First, when reviewing the legality of debt-to-equity swap, they should pay attention to the legal restrictions on the conditions for joint-stock enterprises to convert shares. For example, according to China's Company Law, a company must meet certain conditions for issuing new shares. Therefore, only when the company meets the prescribed conditions can it restructure its debts by converting debts into capital.

second, we should investigate the formation process of creditor's rights. If the creditor's rights are generated by both parties in economic exchanges, the authenticity, legality and effectiveness of the transaction should be paid attention to and verified.

thirdly, we should check whether the relevant agreements, contracts, resolutions and other documents of capital increase and share expansion are complete and true, whether the shareholders of the company agree to the conversion of creditor's rights into equity, whether the capital increase and share expansion has been verified by an accounting firm and issued with a capital verification report, and whether it has been approved by the company registration authority.

fourthly, lawyers should not make judgments only on the capital verification reports of intermediaries. Lawyers should also pay attention to the continuity of the company's financial statements and check whether the annual financial statements can truly reflect the existence of the foreign debt.

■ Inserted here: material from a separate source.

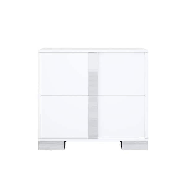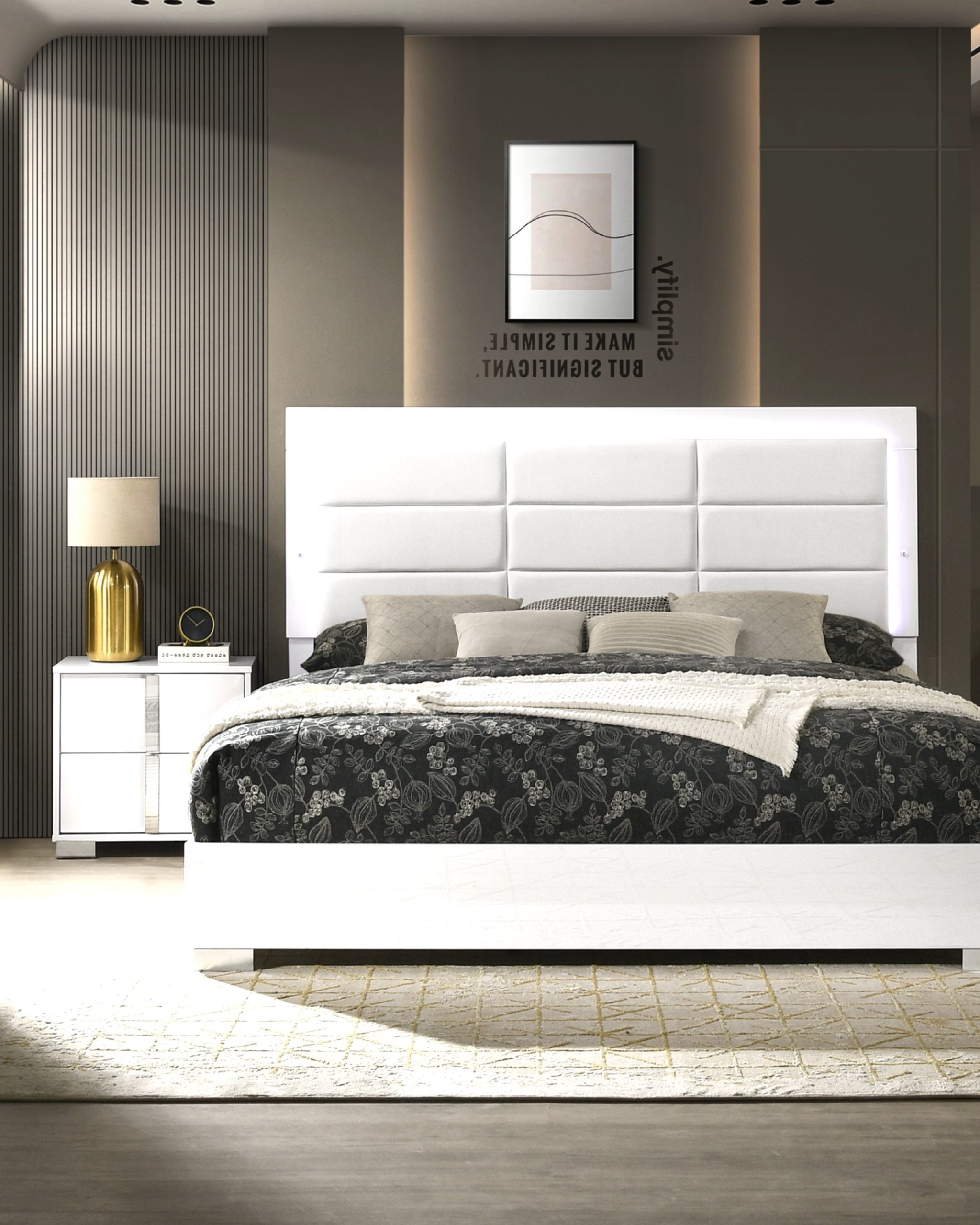 Juego de Dormitorio Manhattan Queen Blanco Brillante Moderno con Cabecero LED

fifthly, the legality of the conversion price should be examined. For the registered capital of a company, China adopts the paid-in capital system. Article 23 of the Company Law stipulates that "the registered capital of a limited liability company is the paid-in capital of all shareholders registered in the company registration authority". Therefore, as long as the actual amount of creditor's rights is not less than the net assets of the company corresponding to the converted equity, it is in line with the provisions of the Company Law.

Sixth, in the process of due diligence, lawyers should obtain the promises and statements issued by the parties on the authenticity and legality of their creditor's rights, so as to strengthen the responsibilities of investors.